Work instructions:
Skipping all images, output the listing word for word.

Task data:
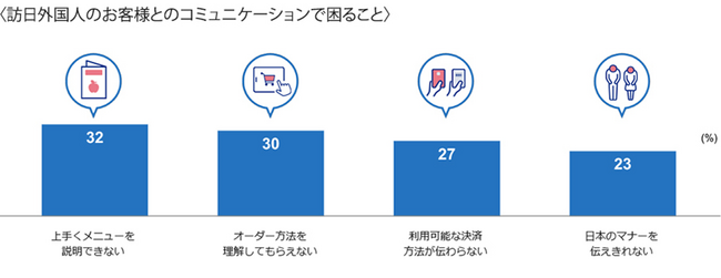 困っていることは、「上手くメニューを説明できない」が32%、次いで「オーダー方法を理解してもらえない」、「利用可能な決済方法が伝わらない」と続く。
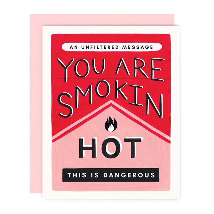 You Are Smokin Hot: You Are Smokin Hot, This Is Dangerous greeting card. When they're so hot they need a warning label. Single blank interior greeting card with matching pink envelope.
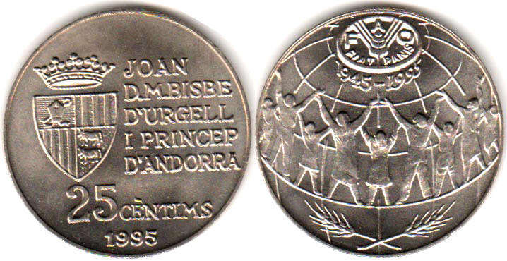 25 CENTIMS 1995 / JOAN D.M.BISBE D'URGELL I PRINCEP D'ANDORRA
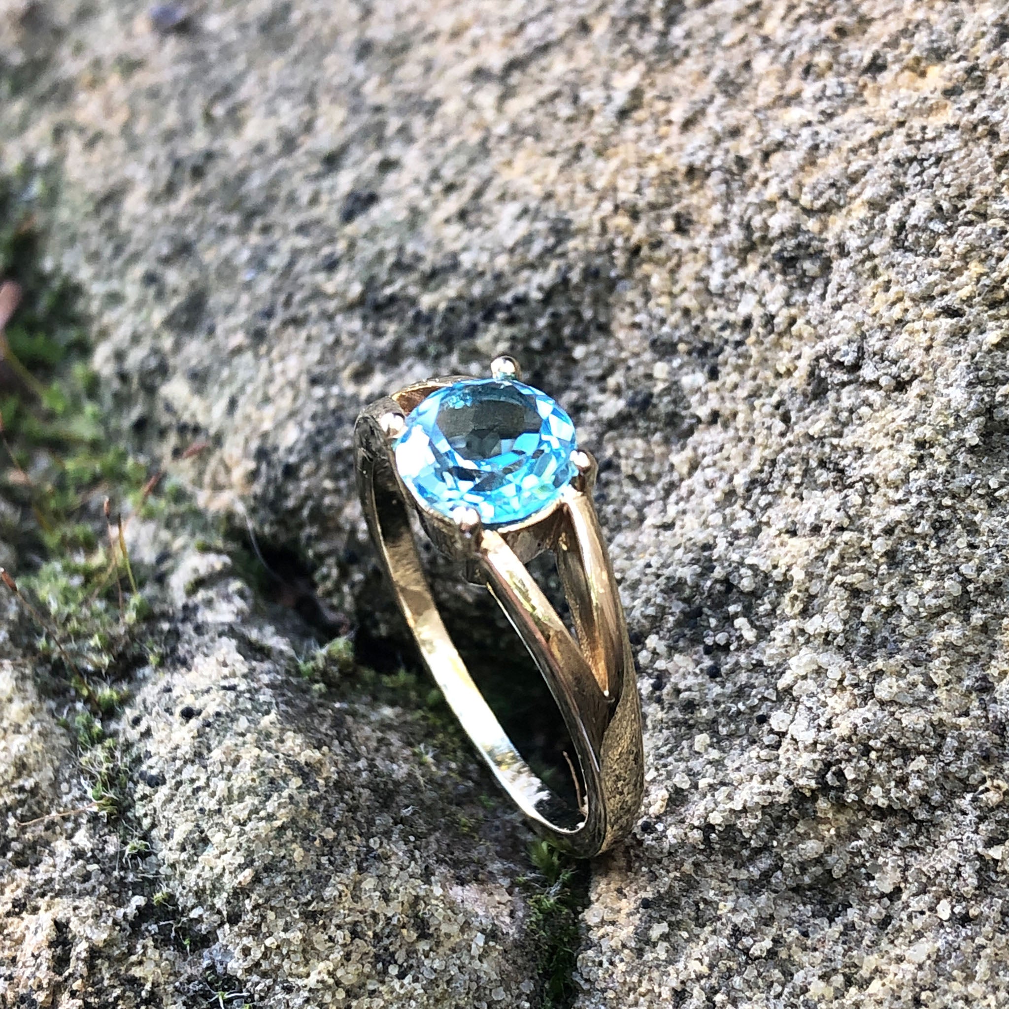Solitaitre Round Cut and Claw Blue Topaz Yellow Gold Ring
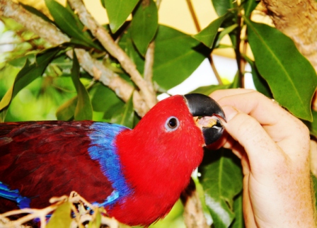 We saw more feathered friends at Habitat, a fun place where you can dine in a large enclosed area among birds, small and large and brightly colored, who fly above, prance around on the ground, squeak, chirp, sing, and screech. A caretaker walks by and gladly perches a bird on your shoulder. Habitat also has more wildlife: kangaroos, koalas, wallabies, crocodiles.
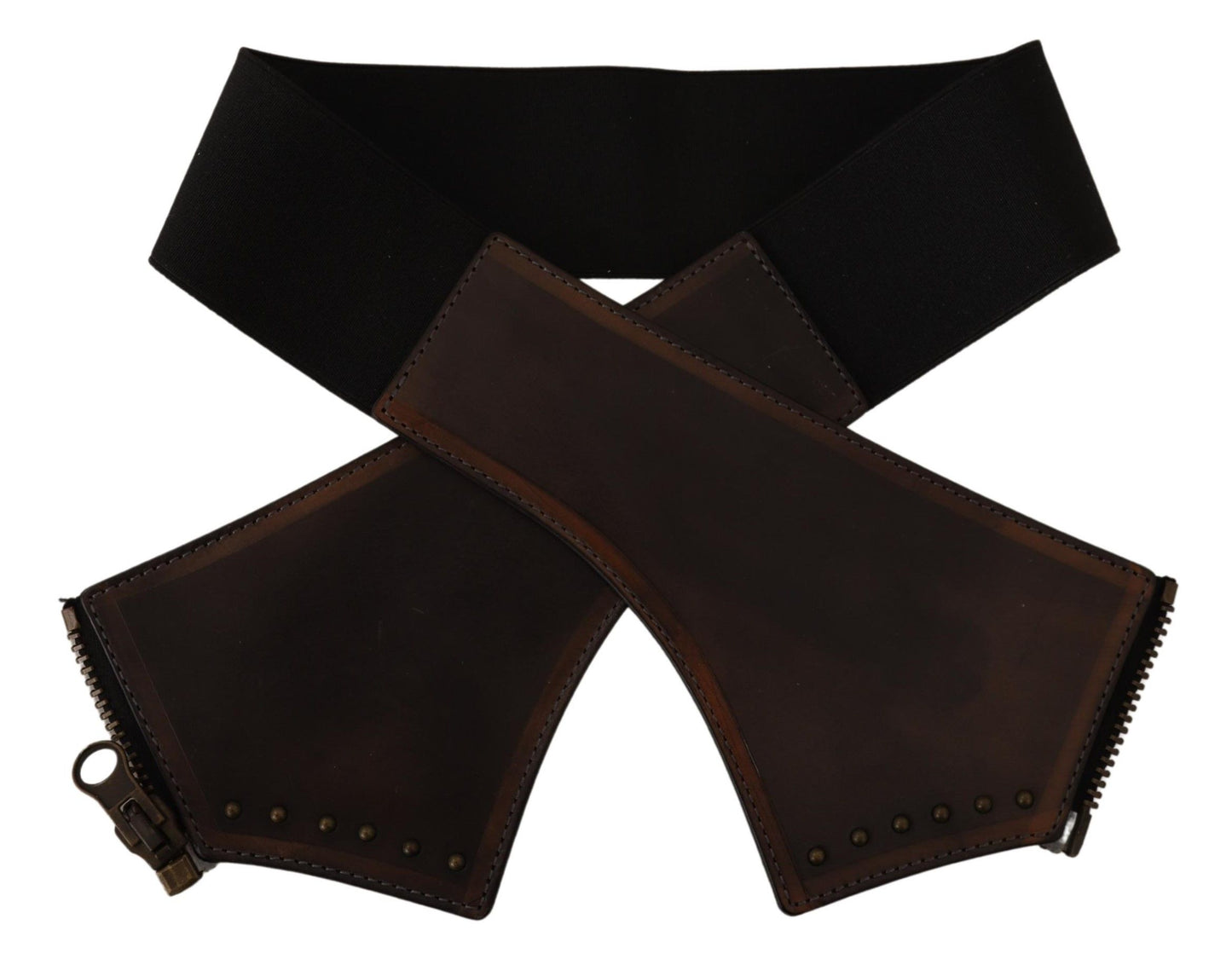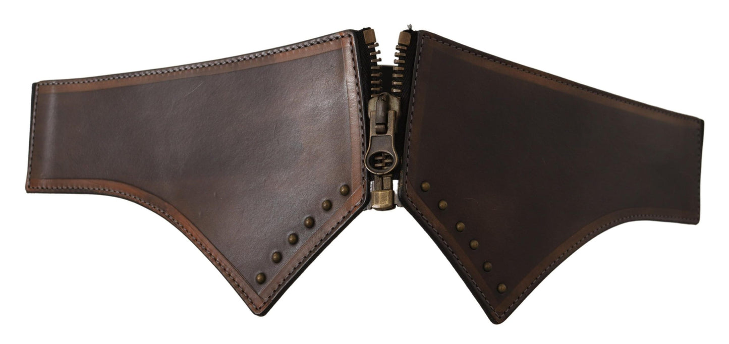 Elegant Brown Leather Waist Belt with Zipper Closure
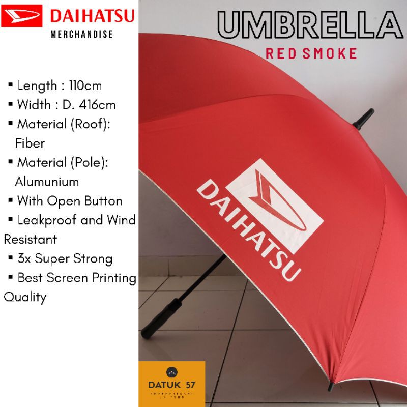 Item : Souvenir Payung Daihatsu GolfBahan : Fiber (Atap,) Alumunium (Kerangka)Harga : Rp. 95.000,-/ Pcs (Sudah termasuk secure pack)Panjang Payung : 110cmLebar Atap Payung : D. 416cmKeunggulan Payung :-Barangnya sangat awet untuk jangka panjang-Fiber tidak gampang bocor karena terdapat 2 lapis.-Bahan alumunium yang kokoh dan tidak mudah patah.-Walau terkena angin kencang dapat mudah dibetulkan-Lebih
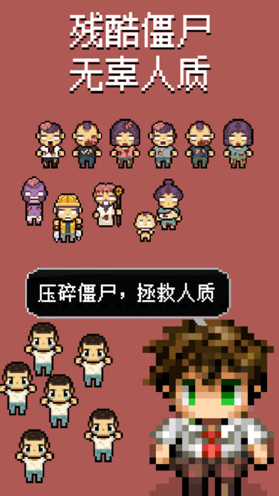 像素僵尸是一款末日题材的僵尸对抗游戏。玩家在游戏中可以通过点击屏幕,攻击可怕的僵尸。游戏中有多种种类的僵尸,各有各的特色。你的任务就是从残酷的僵尸手下救出人质!快来试试吧!
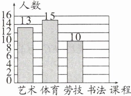 4. 某校开设了艺术、体育、劳技、书法四门拓展性课程,要求每一位学生都要选且只能选其中一门课.小黄同学统计了本班50名同学的选课情况,并将结果绘制成条形统计图(如图,不完整),则选书法课的人数有( )
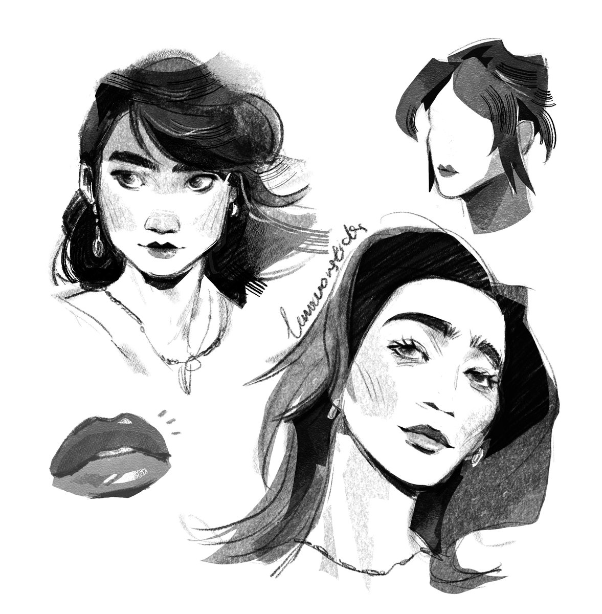 More drawtober sketches that start with 'Black is the colour of my true love's hair' #doodles #sketches #procreate
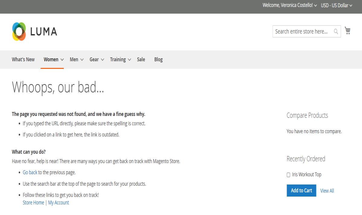 As mentioned above category Women is restricted for all other customer groups except Not Logged In and for that customer group the restriction behaviour is configured as Not found page. So, when a customer with any other customer group tries to access the category it will redirect to 404 (Page not Found) based on the configured restriction behaviour.

Response box:
 困っていることは、「上手くメニューを説明できない」が32%、次いで「オーダー方法を理解してもらえない」、「利用可能な決済方法が伝わらない」と続く。
 You Are Smokin Hot: You Are Smokin Hot, This Is Dangerous greeting card. When they're so hot they need a warning label. Single blank interior greeting card with matching pink envelope.
 25 CENTIMS 1995 / JOAN D.M.BISBE D'URGELL I PRINCEP D'ANDORRA
Solitaitre Round Cut and Claw Blue Topaz Yellow Gold Ring
 We saw more feathered friends at Habitat, a fun place where you can dine in a large enclosed area among birds, small and large and brightly colored, who fly above, prance around on the ground, squeak, chirp, sing, and screech. A caretaker walks by and gladly perches a bird on your shoulder. Habitat also has more wildlife: kangaroos, koalas, wallabies, crocodiles.
 Elegant Brown Leather Waist Belt with Zipper Closure
 Item : Souvenir Payung Daihatsu GolfBahan : Fiber (Atap,) Alumunium (Kerangka)Harga : Rp. 95.000,-/ Pcs (Sudah termasuk secure pack)Panjang Payung : 110cmLebar Atap Payung : D. 416cmKeunggulan Payung :-Barangnya sangat awet untuk jangka panjang-Fiber tidak gampang bocor karena terdapat 2 lapis.-Bahan alumunium yang kokoh dan tidak mudah patah.-Walau terkena angin kencang dapat mudah dibetulkan-Lebih
 像素僵尸是一款末日题材的僵尸对抗游戏。玩家在游戏中可以通过点击屏幕,攻击可怕的僵尸。游戏中有多种种类的僵尸,各有各的特色。你的任务就是从残酷的僵尸手下救出人质!快来试试吧!
 4. 某校开设了艺术、体育、劳技、书法四门拓展性课程,要求每一位学生都要选且只能选其中一门课.小黄同学统计了本班50名同学的选课情况,并将结果绘制成条形统计图(如图,不完整),则选书法课的人数有( )
 More drawtober sketches that start with 'Black is the colour of my true love's hair' #doodles #sketches #procreate
 As mentioned above category Women is restricted for all other customer groups except Not Logged In and for that customer group the restriction behaviour is configured as Not found page. So, when a customer with any other customer group tries to access the category it will redirect to 404 (Page not Found) based on the configured restriction behaviour.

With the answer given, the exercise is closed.